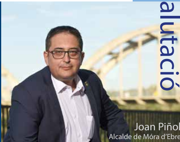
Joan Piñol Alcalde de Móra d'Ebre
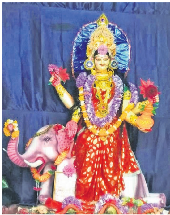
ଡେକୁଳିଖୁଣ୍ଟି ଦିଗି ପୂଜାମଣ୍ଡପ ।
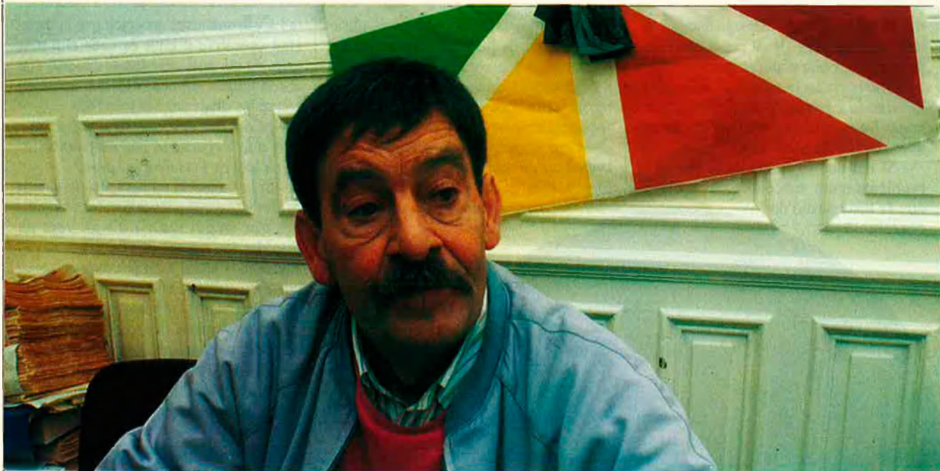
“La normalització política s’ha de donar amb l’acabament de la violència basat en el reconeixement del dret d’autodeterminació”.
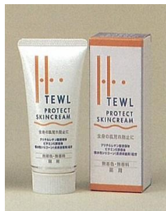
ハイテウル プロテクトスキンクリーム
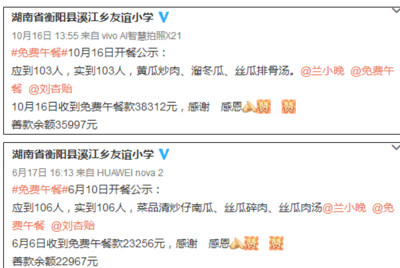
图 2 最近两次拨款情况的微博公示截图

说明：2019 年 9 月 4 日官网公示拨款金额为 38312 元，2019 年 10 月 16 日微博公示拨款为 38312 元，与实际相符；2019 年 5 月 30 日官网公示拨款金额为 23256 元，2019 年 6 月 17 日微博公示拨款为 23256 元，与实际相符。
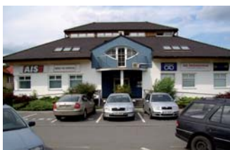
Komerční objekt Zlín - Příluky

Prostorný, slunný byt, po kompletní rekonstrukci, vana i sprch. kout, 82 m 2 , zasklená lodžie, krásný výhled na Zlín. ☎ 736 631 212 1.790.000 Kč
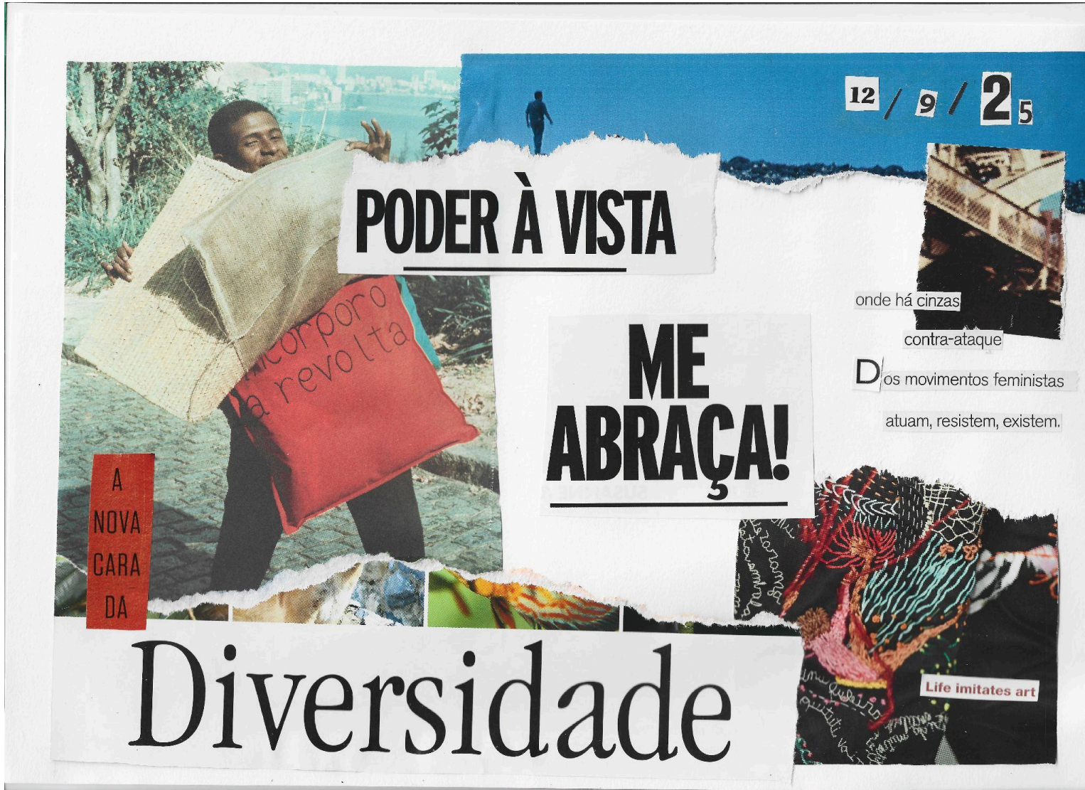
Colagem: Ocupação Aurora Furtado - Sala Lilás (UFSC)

* * *

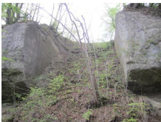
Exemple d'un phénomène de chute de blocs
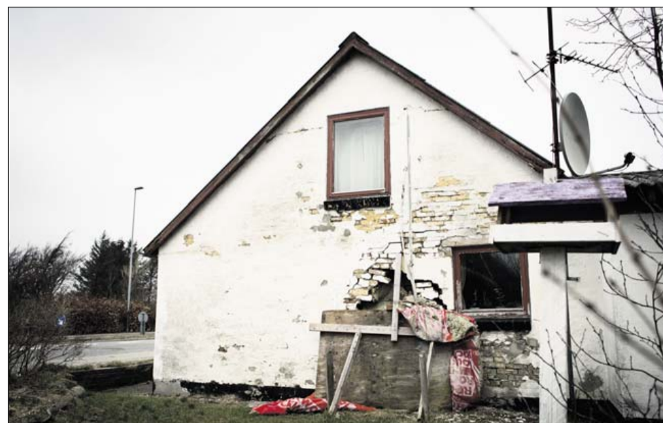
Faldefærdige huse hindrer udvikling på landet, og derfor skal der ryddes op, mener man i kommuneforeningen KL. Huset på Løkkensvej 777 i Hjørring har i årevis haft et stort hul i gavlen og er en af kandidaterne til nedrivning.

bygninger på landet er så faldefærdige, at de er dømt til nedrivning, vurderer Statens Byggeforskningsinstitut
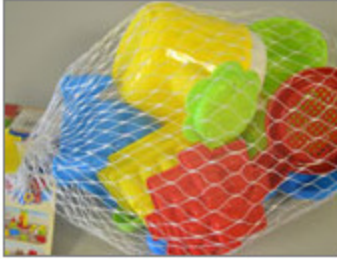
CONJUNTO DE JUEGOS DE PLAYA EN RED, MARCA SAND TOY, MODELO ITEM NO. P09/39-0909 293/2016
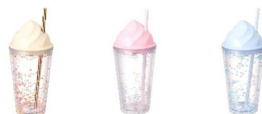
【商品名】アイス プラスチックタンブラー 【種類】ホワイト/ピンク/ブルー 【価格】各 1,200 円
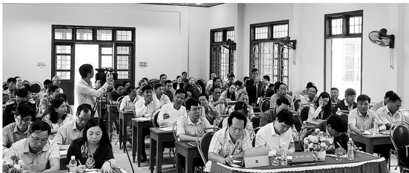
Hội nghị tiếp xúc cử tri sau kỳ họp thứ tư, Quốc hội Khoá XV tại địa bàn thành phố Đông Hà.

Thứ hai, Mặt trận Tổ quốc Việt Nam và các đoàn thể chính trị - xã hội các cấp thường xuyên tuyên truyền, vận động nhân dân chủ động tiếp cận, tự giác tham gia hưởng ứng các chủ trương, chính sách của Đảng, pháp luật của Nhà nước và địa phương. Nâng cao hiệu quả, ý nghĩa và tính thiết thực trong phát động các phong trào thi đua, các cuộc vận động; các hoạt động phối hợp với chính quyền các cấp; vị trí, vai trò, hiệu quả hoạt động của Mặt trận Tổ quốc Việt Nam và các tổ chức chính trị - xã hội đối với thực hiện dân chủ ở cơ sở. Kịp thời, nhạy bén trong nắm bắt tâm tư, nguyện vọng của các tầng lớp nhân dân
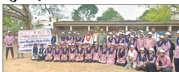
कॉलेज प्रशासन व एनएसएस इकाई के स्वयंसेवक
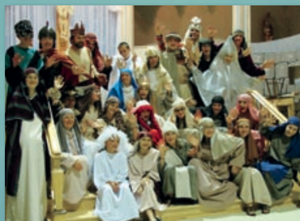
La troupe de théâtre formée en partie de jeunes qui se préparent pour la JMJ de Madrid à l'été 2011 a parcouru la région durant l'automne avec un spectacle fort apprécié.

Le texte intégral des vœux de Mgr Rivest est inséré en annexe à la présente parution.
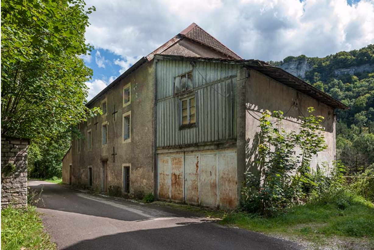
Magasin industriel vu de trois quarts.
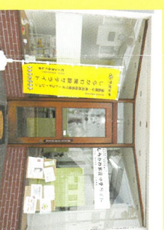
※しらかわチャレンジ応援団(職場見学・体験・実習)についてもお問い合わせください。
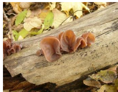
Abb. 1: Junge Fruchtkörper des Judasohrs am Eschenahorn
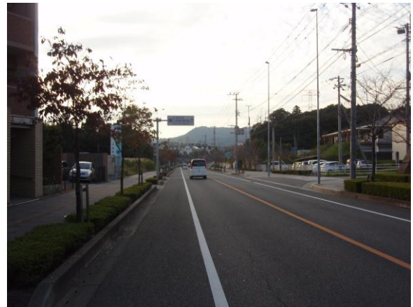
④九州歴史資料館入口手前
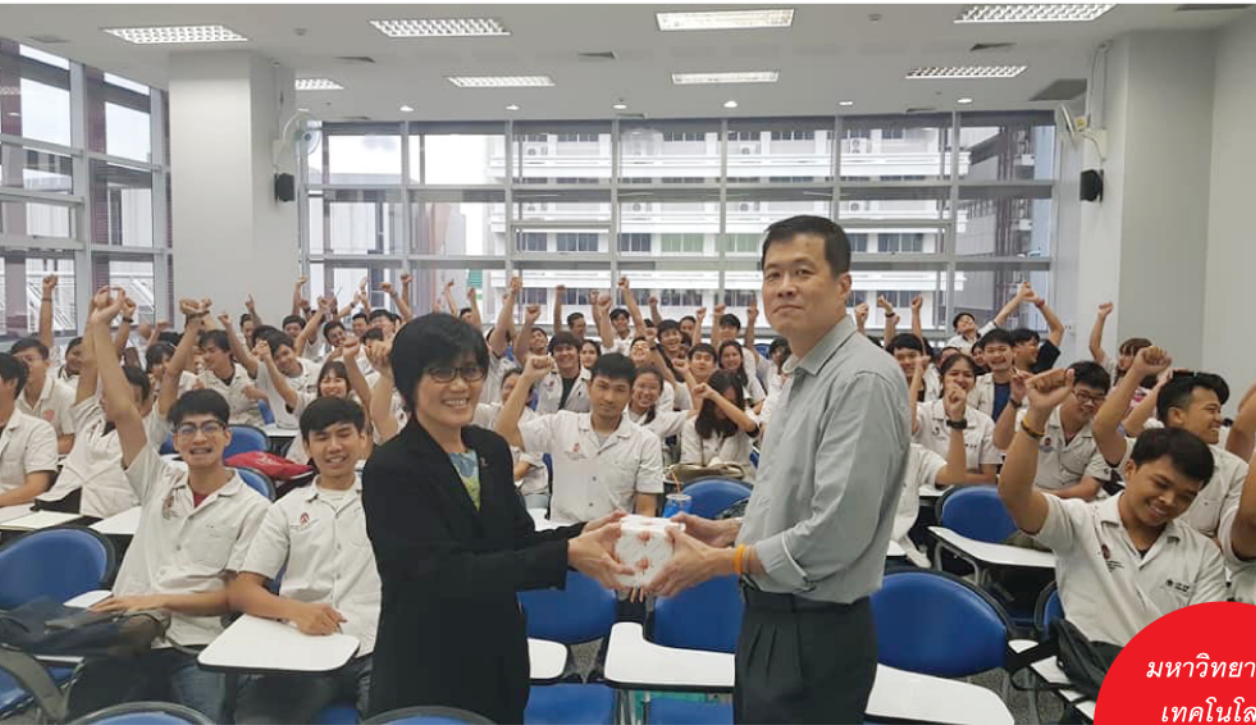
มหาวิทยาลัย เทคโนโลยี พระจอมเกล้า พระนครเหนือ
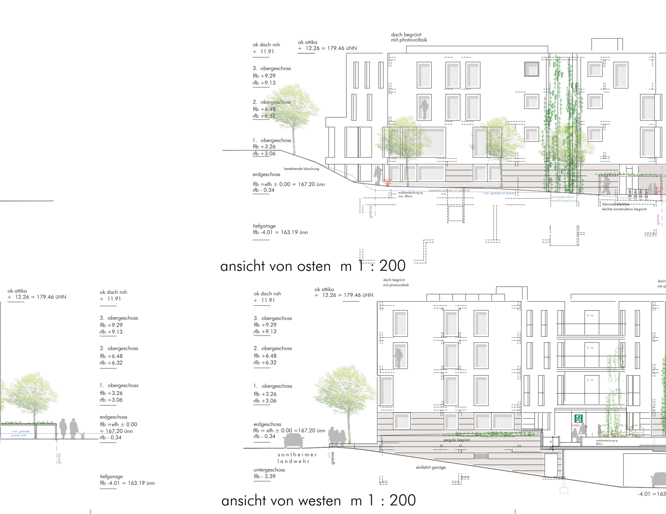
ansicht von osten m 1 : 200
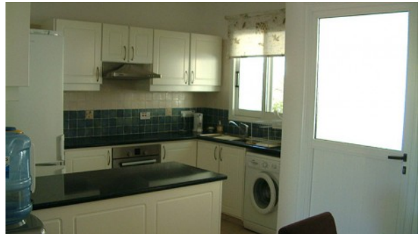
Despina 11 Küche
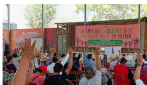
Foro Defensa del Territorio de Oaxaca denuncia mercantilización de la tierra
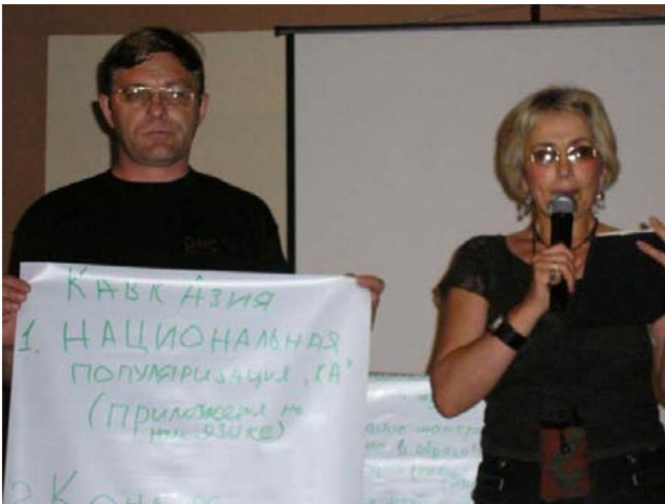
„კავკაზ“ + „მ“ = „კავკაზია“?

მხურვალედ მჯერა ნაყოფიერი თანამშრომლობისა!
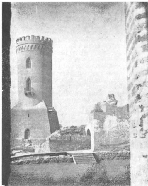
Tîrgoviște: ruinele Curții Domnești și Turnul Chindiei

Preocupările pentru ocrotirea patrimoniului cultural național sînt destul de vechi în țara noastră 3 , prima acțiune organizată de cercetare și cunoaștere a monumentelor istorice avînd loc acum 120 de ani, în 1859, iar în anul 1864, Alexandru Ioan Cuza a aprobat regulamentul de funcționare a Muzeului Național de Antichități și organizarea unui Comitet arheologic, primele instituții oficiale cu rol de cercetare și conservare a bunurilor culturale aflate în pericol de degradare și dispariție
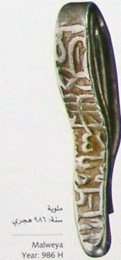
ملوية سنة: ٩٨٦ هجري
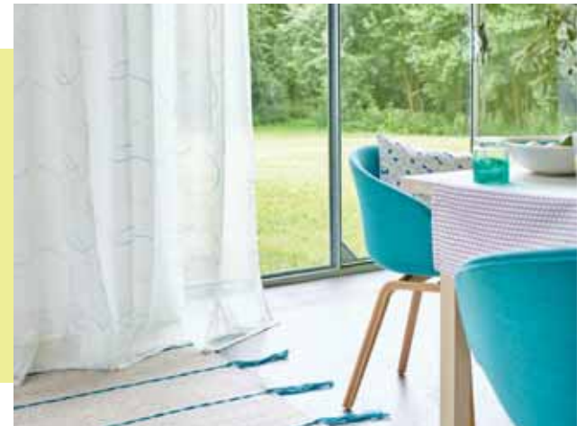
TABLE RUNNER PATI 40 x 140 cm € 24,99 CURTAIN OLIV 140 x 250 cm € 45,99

* * *

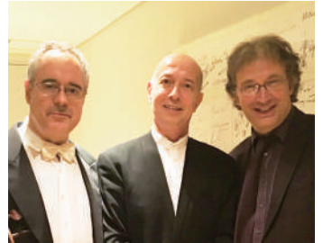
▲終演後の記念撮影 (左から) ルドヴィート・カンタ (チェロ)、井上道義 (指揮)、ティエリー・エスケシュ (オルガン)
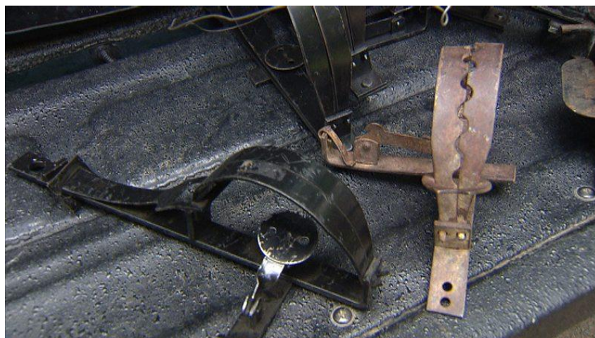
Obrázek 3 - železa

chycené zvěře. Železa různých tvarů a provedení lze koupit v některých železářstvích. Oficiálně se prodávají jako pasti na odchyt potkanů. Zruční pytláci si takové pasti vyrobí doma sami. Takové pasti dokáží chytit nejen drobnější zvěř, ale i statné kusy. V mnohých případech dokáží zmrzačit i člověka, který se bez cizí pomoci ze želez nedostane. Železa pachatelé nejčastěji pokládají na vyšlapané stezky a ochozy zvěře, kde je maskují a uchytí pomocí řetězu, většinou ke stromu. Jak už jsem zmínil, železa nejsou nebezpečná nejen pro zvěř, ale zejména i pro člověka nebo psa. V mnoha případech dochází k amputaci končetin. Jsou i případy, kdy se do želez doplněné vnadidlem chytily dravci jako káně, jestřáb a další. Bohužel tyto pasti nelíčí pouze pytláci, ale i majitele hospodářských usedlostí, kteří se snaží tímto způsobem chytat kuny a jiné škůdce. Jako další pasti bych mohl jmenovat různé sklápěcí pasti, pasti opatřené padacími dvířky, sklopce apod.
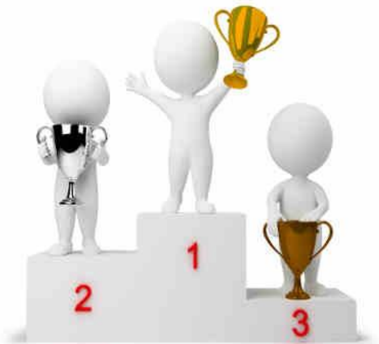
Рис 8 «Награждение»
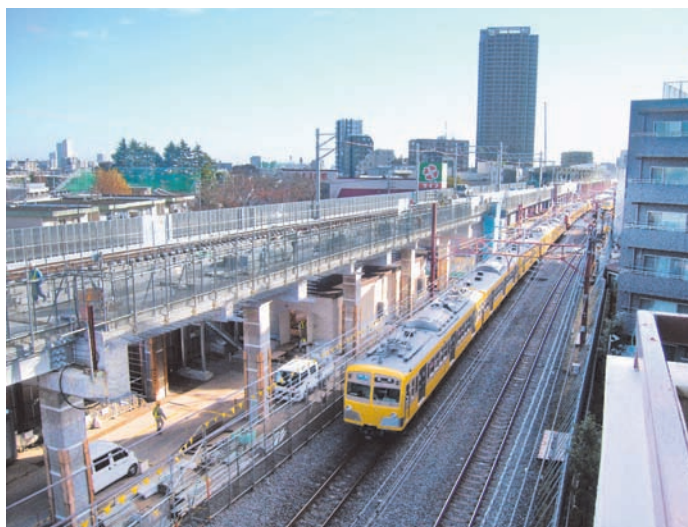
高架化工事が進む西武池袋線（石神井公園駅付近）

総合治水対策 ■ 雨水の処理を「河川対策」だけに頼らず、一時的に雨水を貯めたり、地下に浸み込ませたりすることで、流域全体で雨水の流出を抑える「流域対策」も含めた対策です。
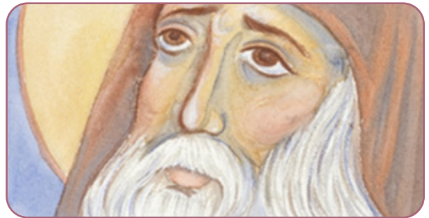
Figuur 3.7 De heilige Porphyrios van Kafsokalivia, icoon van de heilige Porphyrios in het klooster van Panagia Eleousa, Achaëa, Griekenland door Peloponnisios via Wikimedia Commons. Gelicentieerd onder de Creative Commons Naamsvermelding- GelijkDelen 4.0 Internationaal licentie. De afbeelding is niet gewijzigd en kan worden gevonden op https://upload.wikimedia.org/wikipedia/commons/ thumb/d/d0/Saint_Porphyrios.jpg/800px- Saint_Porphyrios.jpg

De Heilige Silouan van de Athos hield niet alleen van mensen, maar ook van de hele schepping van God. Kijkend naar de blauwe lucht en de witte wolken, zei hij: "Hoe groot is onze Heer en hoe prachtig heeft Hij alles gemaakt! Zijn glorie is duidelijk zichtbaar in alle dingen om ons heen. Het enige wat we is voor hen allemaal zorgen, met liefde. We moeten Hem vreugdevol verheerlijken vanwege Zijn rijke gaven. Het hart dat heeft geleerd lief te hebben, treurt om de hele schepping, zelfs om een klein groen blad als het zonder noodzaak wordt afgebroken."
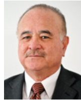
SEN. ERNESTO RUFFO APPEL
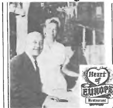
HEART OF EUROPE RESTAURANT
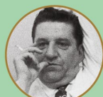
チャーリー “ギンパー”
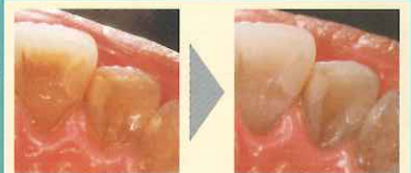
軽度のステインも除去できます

### WHAT YOU NEED TO DO
Your answer must be the lines above from the one holding "Preocupările pentru ocrotirea" up to and including the one holding "TABLE RUNNER PATI", exact and with no pictures.

### SOLUTION TO THIS PROBLEM
Preocupările pentru ocrotirea patrimoniului cultural național sînt destul de vechi în țara noastră 3 , prima acțiune organizată de cercetare și cunoaștere a monumentelor istorice avînd loc acum 120 de ani, în 1859, iar în anul 1864, Alexandru Ioan Cuza a aprobat regulamentul de funcționare a Muzeului Național de Antichități și organizarea unui Comitet arheologic, primele instituții oficiale cu rol de cercetare și conservare a bunurilor culturale aflate în pericol de degradare și dispariție
ملوية سنة: ٩٨٦ هجري
TABLE RUNNER PATI 40 x 140 cm € 24,99 CURTAIN OLIV 140 x 250 cm € 45,99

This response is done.